The son of Bangladesh’s detained former Prime Minister Sheikh Hasina Wazed says military personnel in Dhaka are intimidating his mother’s attorneys and he worries she will not get justice.
Bangladesh’s military-backed interim government accuses Mrs. Hasina of extorting about $411,000 from a businessman during her term in office from 1996 to 2001. She is also accused in the killings of four political rivals. Her July 16 arrest in Dhaka sparked protests.
The interim government took control of Bangladesh in January following a dispute between Mrs. Hasina’s Awami League and the Bangladesh Nationalist Party, which led to deadly street battles.
Sajeeb Wazed, a consultant based in the Washington area, told The Washington Times his mother is being confined in an apartment where “she is not allowed access to telephones or any other means of communication.”
He said his mother’s attorneys told him that all judges, including those on the Supreme Court, “are now either handpicked or threatened and intimidated into issuing predetermined rulings.”
A spokesman for the Bangladeshi Embassy in Washington, Sheikh Mohammed Belal, refuted Mr.
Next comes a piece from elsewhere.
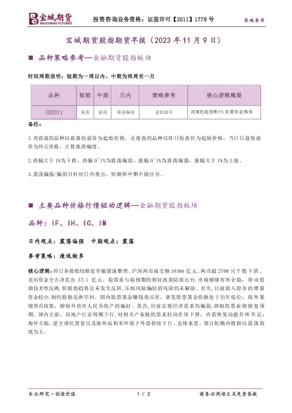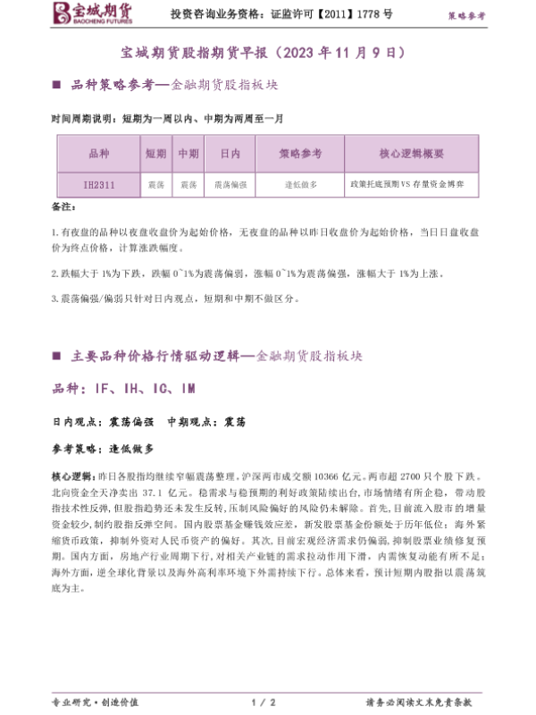 【宝城期货】【20231109】宝城期货股指期货早报(2023年11月9日)-2页

Wazed’s charges. “This is a legal, criminal issue,” he said. “She faces definite charges of extortion, and will be tried in an open, transparent court.”
Mrs. Hasina is the daughter of Sheikh Mujibur Rahman, Bangladesh’s first prime minister who led the nation to independence from Pakistan in 1971.
A source close to Mrs. Hasina said from Dhaka that the government decided to try her under the “Emergency Power Rules 2007,” thereby depriving her of the due process of law, a fair trial and justice.
Mrs. Hasina’s counsel, Abdul Matin Khasru, told reporters in Dhaka on Friday that the former leader “has expressed her apprehension that she may not get justice … she also fears that an in-camera trial might be arranged.”
In London, some British Parliament members sent a letter to the Times newspaper last week, calling on Bangladeshi authorities to release Mrs. Hasina on bail so that she can prepare her defense.
The military-backed government has not spared top politicians in its anti-corruption crusade.
Mrs. Hasina’s bitter rival, Bangladesh Nationalist Party leader and former Prime Minister Begum Khaleda Zia, also faces criminal charges and is ordered to appear before a court by Aug. 26 on tax-evasion accusations.